An investor has filed a lawsuit claiming that Brian Armstrong, the Chairman and CEO of Coinbase Inc., along with board member Marc Andreessen and other company officers, allegedly used inside information to sell their stocks shortly after the company's public listing. This alleged action saved them from incurring losses of over $1 billion, as the share price of the cryptocurrency platform plummeted due to negative developments.
According to the recently unsealed complaint in Delaware Chancery Court, instead of opting for a conventional initial public offering (IPO), Coinbase's board chose a direct listing method and swiftly sold $2.9 billion worth of stock. Subsequently, Coinbase management disclosed significant negative information that had a negative impact on market sentiment, starting from the company's first quarterly earnings release.
The investor, Adam Grabski, who has been holding Coinbase shares since April 2021, alleges that within a span of five weeks, the value of those shares dropped by more than $1 billion. Additionally, he claims that Coinbase's market capitalization suffered a steep decline of over $37 billion during that period.

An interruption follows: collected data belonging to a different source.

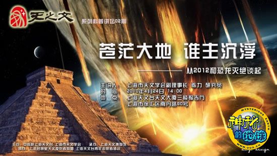 上海天文台和上海市天文学会共同组织的“天之文系列科普讲坛”本周末进行第二讲。此次将由上海市天文学会副理事长陈力研究员主讲,主题是:“苍茫大地,谁主沉浮-从2012和恐龙灭绝谈起”。此外,上海市启明星天文爱好者联盟还将发布“2010年5月观星指南”。欢迎广大市民和天文爱好者关注。此次论坛采取电话预约方式,请有兴趣参加的朋友请提前电话预约64386191-223(虞老师),以便安排。
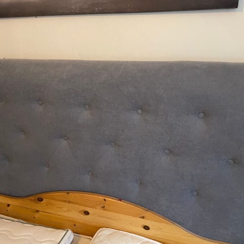 Meget pen sengegavl trukket med grått stoff selges kr. 500,-
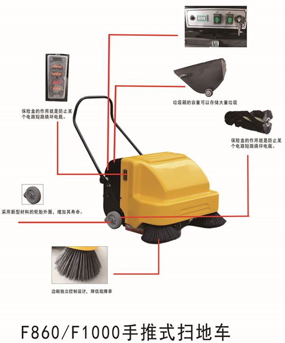 FL-860/FL-1000手推式扫地车特别适合于大厅、候机候车室、医院、工厂、小区道路等场所的使用,清扫时无扬尘,无噪声,手推式扫地车可以在人群中灵活穿梭,结构轻巧,推行轻便,维修简单。
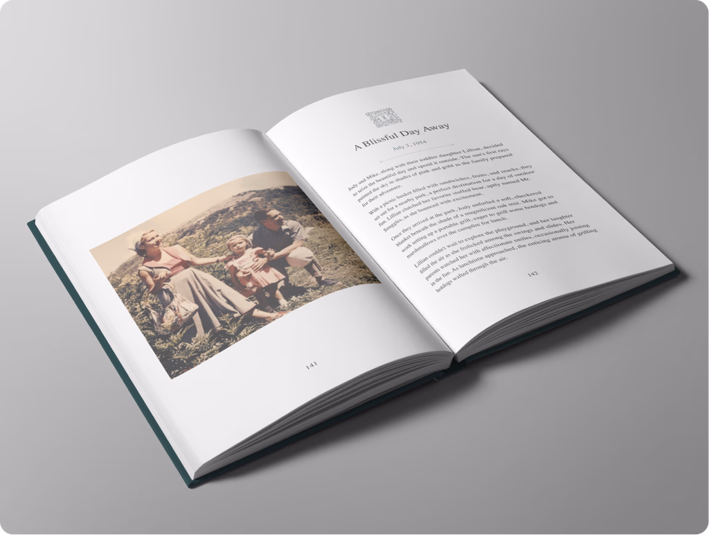 A year of weekly storytelling prompts that transform your spoken memories into a beautiful hardcover book.
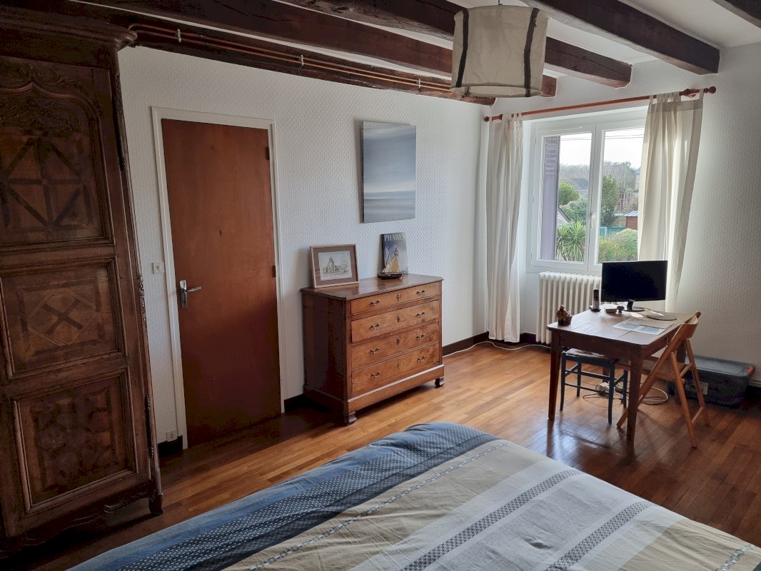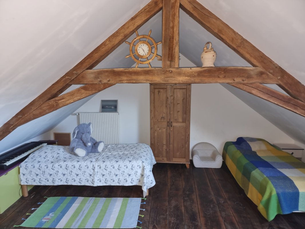 - À l’étage : 3 chambres, petite pièce à usage multiple (chambre de bébé, atelier couture, salle de jeu…), wc, salle de bains à rénover ;
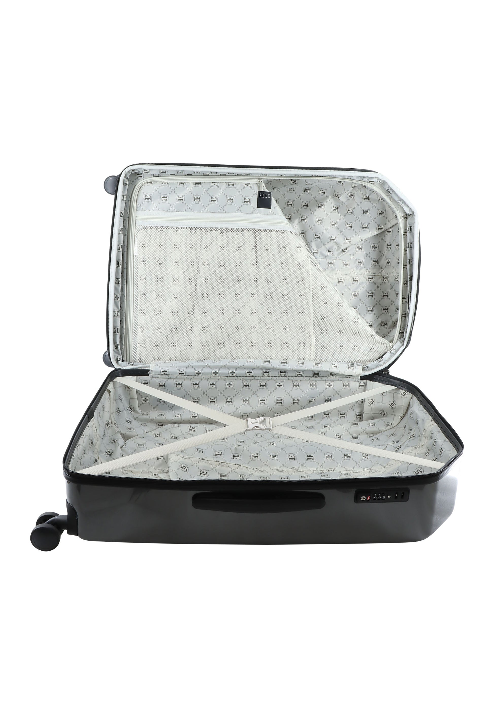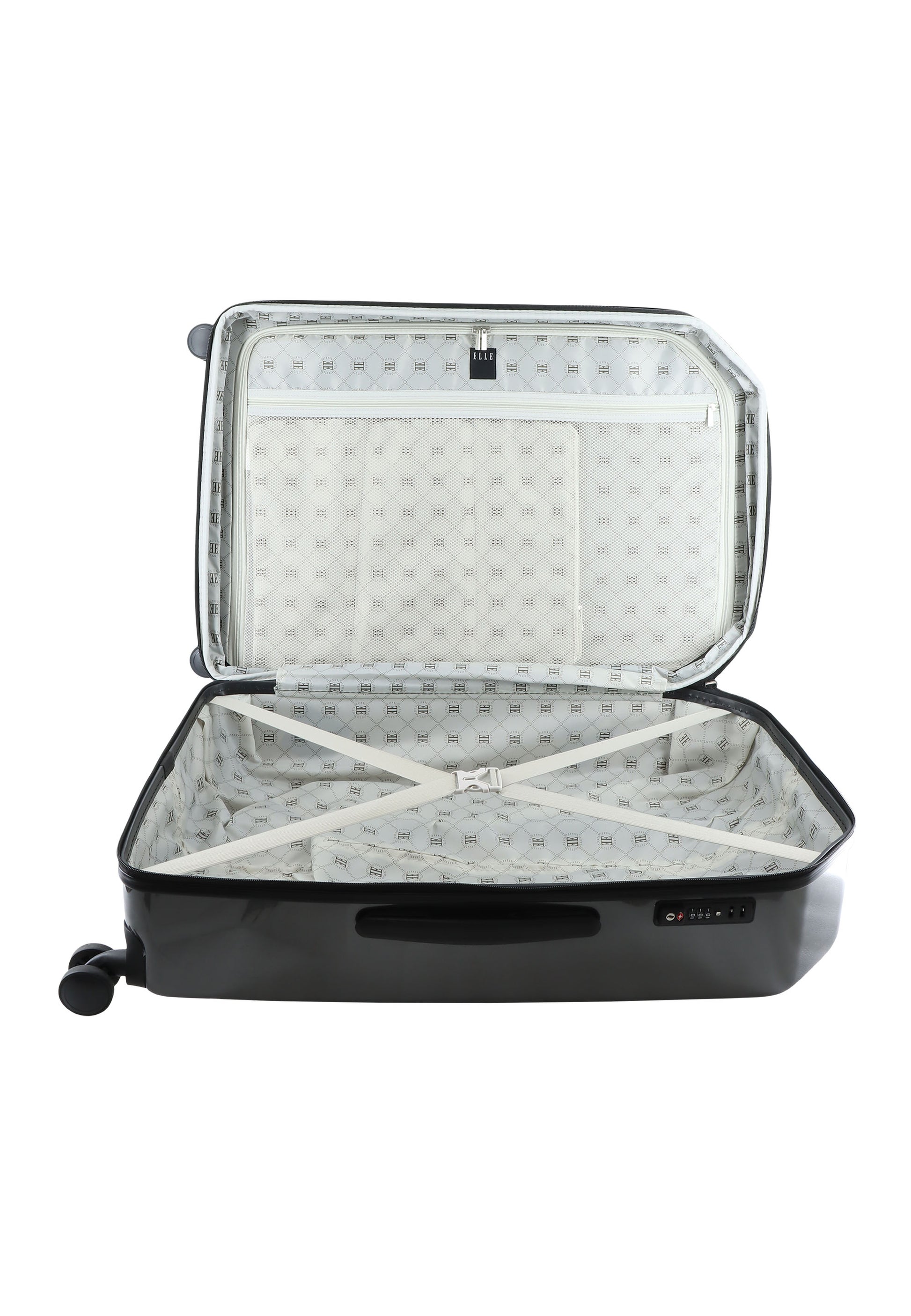 Ontdek de perfecte combinatie van elegantie en functionaliteit met de Elle Diamond Koffer. Vervaardigd uit duurzaam ABS???? verbindt deze koffer elegantie met robuustheid. Het ingebouwde TSA-slot zorgt voor maximale beveiliging, terwijl de vier dubbele wielen soepel rollen. Het interieur, met een volledig bedrukte voering en een U-vormige verdeler met een ritszak, biedt optimale organisatie voor al je reisbenodigdheden. Het aluminium trolleysysteem voegt een vleugje luxe toe aan je reiservaring.
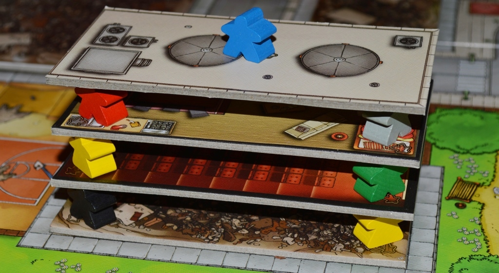 Вообще, разложенная на столе игра не оставит равнодушным никого. И всё это из-за привлекающих взгляд трёхмерных зданий. Они имеют вид бутербродов, состоящих из нескольких прослоек тайлов и миплов. Да и само действо достаточно необычное и шумное. Далее в двух абзацах, о чём, собственно, эта игрушка.
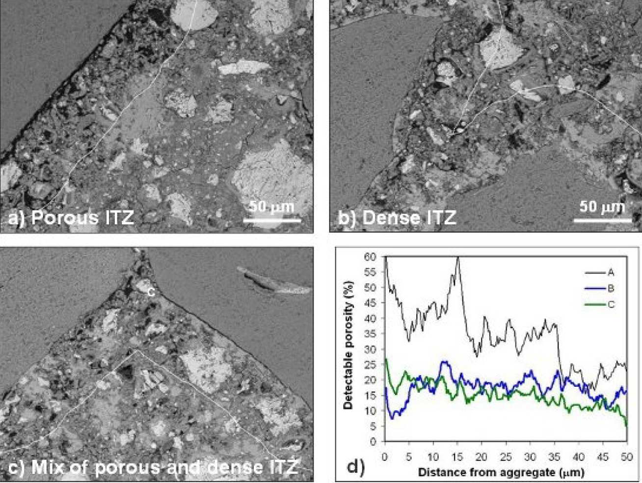 The ‘interfacial transition zone’ (ITZ) refers to the paste region surrounding each aggregate particle in concrete. The ITZ is structurally inferior because it contains higher porosity (Fig. 1) and lower cement content than the ‘bulk’ paste region farther away. Microcracks often initiate and propagate preferentially in the ITZ. It is generally thought that penetration of deleterious species occurs mainly through the ITZ and this forms the basis of many transport models for concrete.
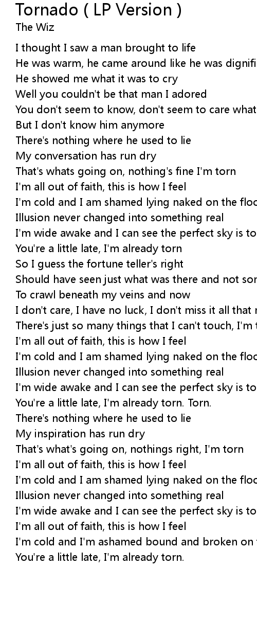 | [00:46.00] | That's whats going on, nothing's fine I'm torn |
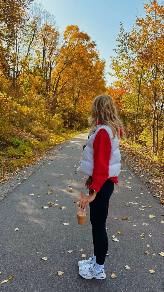 Fall is my favorite season for walking because outfits feel naturally better. I go for warm tones, soft knits, and layered pieces that keep me cozy. This balance between warmth and movement makes longer walks more enjoyable.
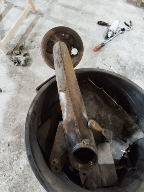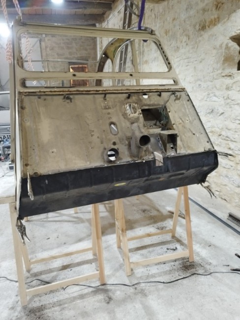 De retour de vacances j'ai donc laissé le chantier de la caisse dans ma grange, après avoir terminé le châssis et l'essieu arrière, je suis donc remonté avec dans le coffre moteur et boite, ici j'ai que 15m2 pour bosser, c'est plus la même !!!!
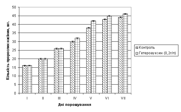 за контроль. Застосування гетероауксину призводило до підвищення схожості

According to the complaint, Brian Armstrong sold $291.8 million worth of Coinbase stock as part of the direct listing. Similarly, Andreessen Horowitz, the venture capital firm associated with Marc Andreessen, sold $118.6 million worth of the stock.
“As the most popular and only publicly traded crypto exchange in the US, we are at times the target of frivolous litigation, this is an example of one of those meritless claims.” Coinbase said in an emailed statement.
A derivative complaint, filed on behalf of the company, aims to recover the alleged “ill-gotten gains” from Armstrong, Andreessen, Choi, Hass, Jones, Chatterjee, Ersham, Wilson, and Haun.